Neste capítulo, serão abordados não apenas os TIs, mas também a insônia como
coadjuvante de doenças comumente observadas no idoso, já que a interseção de
síndromes e comorbidades na senescência é o mais habitualmente observado.
Intervenções que objetivam abordar apenas um sinal ou sintoma têm pouca
aplicabilidade na prática geriátrica, podendo levar, inclusive, à cascata iatrogênica.
Qualidade do sono
Não há unanimidade acerca do conceito de boa qualidade do sono. Enquanto
parâmetros objetivos mensurados tanto pela polissonografia como pela actigrafia, a
exemplo do tempo total de sono e da eficiência do sono, são considerados medidas
apropriadas, parâmetros subjetivos, como percepção do sono e despertares noturnos, são
comumente utilizados em estudos e no cotidiano clínico.5,6
Na prática, uma boa e simples anamnese do sono é suficiente para se estimar a
qualidade do sono.
Algumas perguntas simples e rápidas são apresentadas no Quadro 1.
Quadro 1
ANAMNESE DO SONO DO PACIENTE IDOSO
Perguntas importantes
Como está seu sono?
Considera seu sono suficiente?
Qual é o horário em que frequentemente vai para a cama?
Demora mais de 30 minutos ou tem dificuldade para “pegar” no sono?
Acorda muito durante a noite, para urinar, ou tem dificuldade de voltar a
dormir?
Acorda muito cedo, antes da hora que desejava, e considera isso um problema?

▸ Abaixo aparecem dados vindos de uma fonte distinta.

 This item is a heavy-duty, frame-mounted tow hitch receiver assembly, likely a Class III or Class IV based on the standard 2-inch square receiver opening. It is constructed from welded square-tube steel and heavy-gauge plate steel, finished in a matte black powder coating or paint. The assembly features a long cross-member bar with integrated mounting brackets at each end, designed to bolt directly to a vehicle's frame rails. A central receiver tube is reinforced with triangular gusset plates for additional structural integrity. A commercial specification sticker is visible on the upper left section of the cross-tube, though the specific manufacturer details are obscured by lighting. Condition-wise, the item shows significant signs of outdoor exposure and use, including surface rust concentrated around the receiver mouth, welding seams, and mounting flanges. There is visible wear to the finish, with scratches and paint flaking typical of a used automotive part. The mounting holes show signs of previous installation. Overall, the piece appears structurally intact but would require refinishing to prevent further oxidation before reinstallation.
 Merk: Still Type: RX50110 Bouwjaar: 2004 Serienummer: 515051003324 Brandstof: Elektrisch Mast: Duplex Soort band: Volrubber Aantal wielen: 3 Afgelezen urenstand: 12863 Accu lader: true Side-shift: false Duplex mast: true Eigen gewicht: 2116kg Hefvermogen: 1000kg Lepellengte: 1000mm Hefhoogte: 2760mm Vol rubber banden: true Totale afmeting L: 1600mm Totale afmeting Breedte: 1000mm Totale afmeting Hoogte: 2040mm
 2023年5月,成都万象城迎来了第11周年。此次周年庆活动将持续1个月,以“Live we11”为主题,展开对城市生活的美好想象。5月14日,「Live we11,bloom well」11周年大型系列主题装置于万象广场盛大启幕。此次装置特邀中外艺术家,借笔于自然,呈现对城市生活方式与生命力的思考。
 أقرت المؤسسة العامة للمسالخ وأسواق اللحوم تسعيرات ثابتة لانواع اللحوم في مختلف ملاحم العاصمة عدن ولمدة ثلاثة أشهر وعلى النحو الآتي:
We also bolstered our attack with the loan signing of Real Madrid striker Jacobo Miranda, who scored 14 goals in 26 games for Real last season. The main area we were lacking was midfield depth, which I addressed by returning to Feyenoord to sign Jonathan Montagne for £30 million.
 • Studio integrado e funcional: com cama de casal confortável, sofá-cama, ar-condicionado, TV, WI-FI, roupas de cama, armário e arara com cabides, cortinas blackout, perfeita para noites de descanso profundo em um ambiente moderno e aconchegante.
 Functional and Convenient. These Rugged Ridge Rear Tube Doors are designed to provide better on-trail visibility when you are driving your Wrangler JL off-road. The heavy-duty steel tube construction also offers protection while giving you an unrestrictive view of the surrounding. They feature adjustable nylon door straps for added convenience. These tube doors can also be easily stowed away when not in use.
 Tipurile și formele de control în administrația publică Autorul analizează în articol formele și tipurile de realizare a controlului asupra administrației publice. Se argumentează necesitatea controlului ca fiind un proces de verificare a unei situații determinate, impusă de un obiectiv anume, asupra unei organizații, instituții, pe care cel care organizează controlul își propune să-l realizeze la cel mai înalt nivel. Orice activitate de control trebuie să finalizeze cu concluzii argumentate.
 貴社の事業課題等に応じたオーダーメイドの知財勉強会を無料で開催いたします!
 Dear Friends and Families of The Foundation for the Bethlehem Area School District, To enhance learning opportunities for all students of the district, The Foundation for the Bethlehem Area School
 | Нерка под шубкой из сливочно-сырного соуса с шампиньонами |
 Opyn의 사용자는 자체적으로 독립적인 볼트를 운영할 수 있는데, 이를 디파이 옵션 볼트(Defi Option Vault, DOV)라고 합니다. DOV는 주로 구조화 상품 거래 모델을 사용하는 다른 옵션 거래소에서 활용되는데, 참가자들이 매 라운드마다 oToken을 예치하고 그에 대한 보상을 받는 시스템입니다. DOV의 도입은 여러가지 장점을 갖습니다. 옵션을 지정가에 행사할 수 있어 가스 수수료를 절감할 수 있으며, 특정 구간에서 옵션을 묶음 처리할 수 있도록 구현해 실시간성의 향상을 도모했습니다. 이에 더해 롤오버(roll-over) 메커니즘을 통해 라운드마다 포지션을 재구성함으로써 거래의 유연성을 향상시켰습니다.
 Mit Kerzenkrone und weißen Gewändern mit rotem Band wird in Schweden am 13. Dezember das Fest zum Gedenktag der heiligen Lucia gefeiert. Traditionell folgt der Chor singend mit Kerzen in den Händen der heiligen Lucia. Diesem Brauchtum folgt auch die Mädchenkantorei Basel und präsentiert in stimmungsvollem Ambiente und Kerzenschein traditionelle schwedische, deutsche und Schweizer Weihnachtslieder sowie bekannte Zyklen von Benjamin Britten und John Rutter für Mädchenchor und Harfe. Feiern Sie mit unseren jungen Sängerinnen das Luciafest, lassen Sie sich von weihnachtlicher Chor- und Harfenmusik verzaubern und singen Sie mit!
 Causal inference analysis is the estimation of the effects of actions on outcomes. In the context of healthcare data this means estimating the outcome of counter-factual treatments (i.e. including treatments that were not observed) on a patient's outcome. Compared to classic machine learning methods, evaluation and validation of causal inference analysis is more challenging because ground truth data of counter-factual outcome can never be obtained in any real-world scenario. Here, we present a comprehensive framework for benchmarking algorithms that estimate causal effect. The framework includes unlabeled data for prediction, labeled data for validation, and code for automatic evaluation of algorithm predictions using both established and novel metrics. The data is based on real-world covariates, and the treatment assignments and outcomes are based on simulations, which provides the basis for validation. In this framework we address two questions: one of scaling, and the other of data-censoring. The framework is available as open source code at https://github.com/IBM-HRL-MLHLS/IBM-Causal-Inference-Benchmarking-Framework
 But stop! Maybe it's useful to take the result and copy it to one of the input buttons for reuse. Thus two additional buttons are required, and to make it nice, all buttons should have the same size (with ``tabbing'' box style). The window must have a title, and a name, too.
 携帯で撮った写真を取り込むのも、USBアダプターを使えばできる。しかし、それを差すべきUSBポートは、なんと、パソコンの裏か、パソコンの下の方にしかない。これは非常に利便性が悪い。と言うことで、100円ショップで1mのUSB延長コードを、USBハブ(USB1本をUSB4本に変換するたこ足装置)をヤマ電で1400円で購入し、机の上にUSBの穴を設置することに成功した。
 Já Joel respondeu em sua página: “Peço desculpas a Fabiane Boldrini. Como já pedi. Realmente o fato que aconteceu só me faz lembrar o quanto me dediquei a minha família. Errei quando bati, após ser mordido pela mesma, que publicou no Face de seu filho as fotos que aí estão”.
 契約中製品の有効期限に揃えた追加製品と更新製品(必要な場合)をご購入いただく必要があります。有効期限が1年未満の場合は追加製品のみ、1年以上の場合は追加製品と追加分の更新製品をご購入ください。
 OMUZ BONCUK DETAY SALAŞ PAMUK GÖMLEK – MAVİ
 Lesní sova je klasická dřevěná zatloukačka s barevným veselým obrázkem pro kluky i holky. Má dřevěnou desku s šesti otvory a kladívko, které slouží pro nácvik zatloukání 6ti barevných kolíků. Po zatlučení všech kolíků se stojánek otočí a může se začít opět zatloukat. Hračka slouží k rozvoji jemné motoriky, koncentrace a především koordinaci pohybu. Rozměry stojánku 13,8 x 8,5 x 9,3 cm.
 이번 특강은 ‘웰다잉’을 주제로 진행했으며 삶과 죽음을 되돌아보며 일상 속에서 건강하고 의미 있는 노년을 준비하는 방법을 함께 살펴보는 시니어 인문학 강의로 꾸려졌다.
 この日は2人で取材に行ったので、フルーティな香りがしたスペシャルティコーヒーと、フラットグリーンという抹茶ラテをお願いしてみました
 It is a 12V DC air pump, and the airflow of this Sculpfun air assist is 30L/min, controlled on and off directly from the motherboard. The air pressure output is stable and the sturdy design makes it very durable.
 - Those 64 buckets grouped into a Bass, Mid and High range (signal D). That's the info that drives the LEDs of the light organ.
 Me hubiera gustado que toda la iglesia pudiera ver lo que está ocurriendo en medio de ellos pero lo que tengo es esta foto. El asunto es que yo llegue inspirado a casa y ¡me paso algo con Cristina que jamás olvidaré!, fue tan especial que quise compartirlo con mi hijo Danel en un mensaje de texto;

Tem pesadelos, gritos ou movimentos anormais durante o sono?
Ronca ou para de respirar durante o sono?
Tem sonolência excessiva ou dorme muito durante o dia?
Fonte: Elaborado pelos autores.
Idosos frequentemente reportam uma má qualidade do sono, muitas vezes devido a
uma má percepção de seu padrão de sono. Um em cada três idosos relata que dorme
1 hora a menos do que medidas actigráficas demonstram, o que evidencia, portanto,
uma má percepção do sono.7
Idosos com demência podem ser erroneamente rotulados como insones por seus
cuidadores.
O uso do diário do sono, um instrumento de avaliação subjetiva da qualidade e do
padrão do sono, não parece ser muito confiável em idosos, visto subestimar o número de
horas dormidas. Assim, é importante que o geriatra consiga abordar, de uma maneira
indireta, se, de fato, há um sono de má qualidade. Uma pergunta sensível refere-se ao
período diurno desse paciente.
A presença de sonolência diurna, prejuízo cognitivo (sobretudo atenção e memória) e
sintomas psiquiátricos, como depressão e/ou ansiedade, aponta para um sono de baixa
qualidade, ao passo que um dia normal pode sugerir um bom sono.8
É importante ressaltar que a ocorrência da noctúria ao longo da noite não
necessariamente compromete a qualidade do sono. Estudo realizado com idosos
saudáveis na Universidade de Brasília mostrou que a noctúria não prejudicou a
qualidade do sono geral dos participantes, talvez por eles terem apresentado grande
pressão de sono, ou seja, terem acumulado um longo período de vigília durante o dia,
não comprometendo, portanto, a qualidade do sono noturno com tais despertares
fisiológicos.9
É muito importante ter uma boa qualidade do sono, mesmo que seja às custas de
tratamento farmacológico. Estudos recentes têm apontado que a intervenção
farmacológica em indivíduos insones pode melhorar a saúde mental e física.
Tratamento farmacológico
O tratamento farmacológico da insônia no idoso exige alguns cuidados.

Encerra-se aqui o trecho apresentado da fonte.